**Input records:**
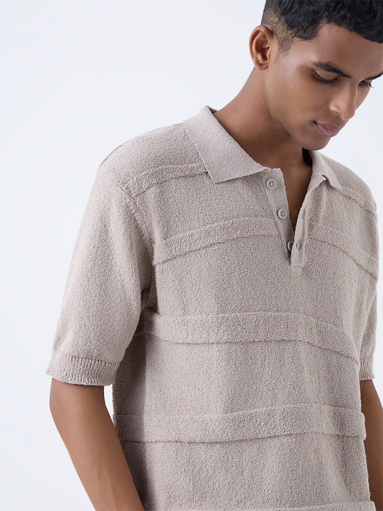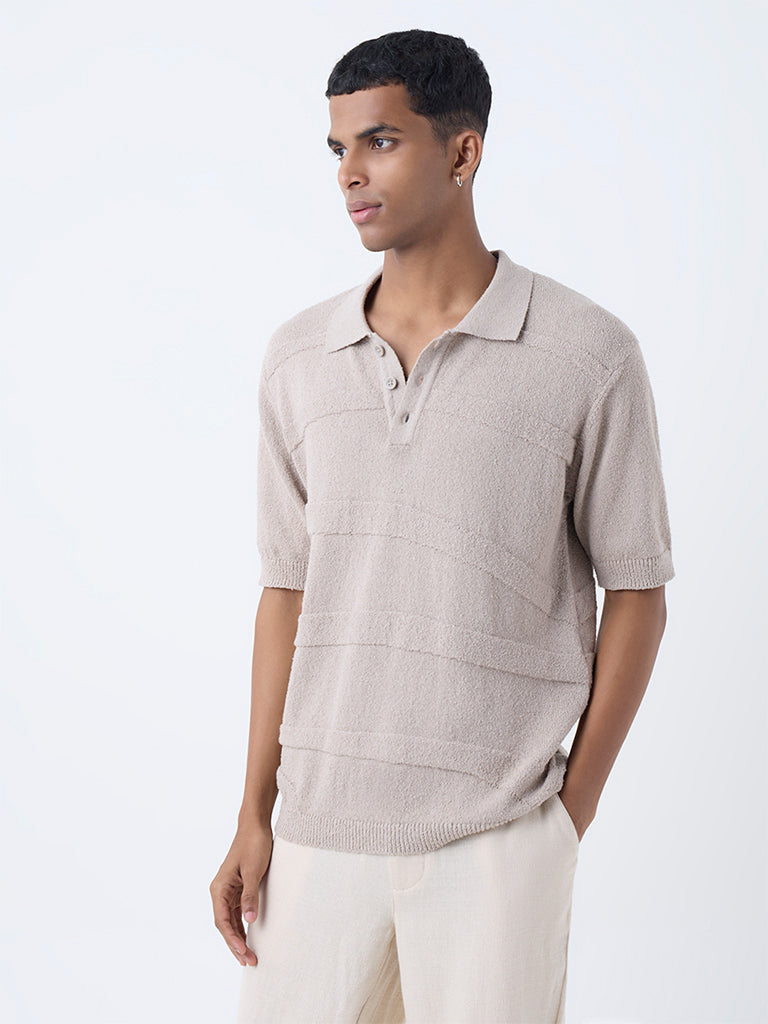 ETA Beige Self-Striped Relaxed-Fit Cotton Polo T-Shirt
* * *
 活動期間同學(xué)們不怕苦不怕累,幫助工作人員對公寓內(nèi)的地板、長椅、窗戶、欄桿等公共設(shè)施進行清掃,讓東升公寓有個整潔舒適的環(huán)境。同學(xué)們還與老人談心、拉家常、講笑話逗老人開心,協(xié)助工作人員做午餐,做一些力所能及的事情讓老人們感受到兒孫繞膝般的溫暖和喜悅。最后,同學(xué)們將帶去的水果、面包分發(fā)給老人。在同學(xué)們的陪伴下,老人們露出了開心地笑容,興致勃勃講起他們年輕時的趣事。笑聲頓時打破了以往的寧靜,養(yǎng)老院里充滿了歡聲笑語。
--
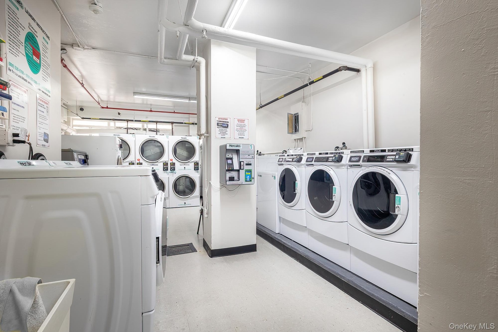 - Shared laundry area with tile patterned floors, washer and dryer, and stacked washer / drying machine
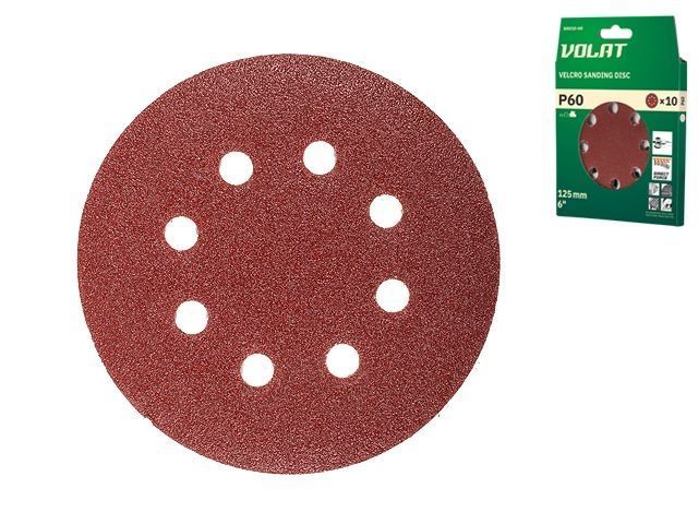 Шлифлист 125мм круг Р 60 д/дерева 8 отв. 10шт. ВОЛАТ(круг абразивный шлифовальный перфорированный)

**Work request:**
In the listing above, find the line with "- Shared laundry" and the line with "Шлифлист 125мм круг". Set down exactly those lines and everything between them, skipping pictures.

**Answer space:**
 - Shared laundry area with tile patterned floors, washer and dryer, and stacked washer / drying machine
 Шлифлист 125мм круг Р 60 д/дерева 8 отв. 10шт. ВОЛАТ(круг абразивный шлифовальный перфорированный)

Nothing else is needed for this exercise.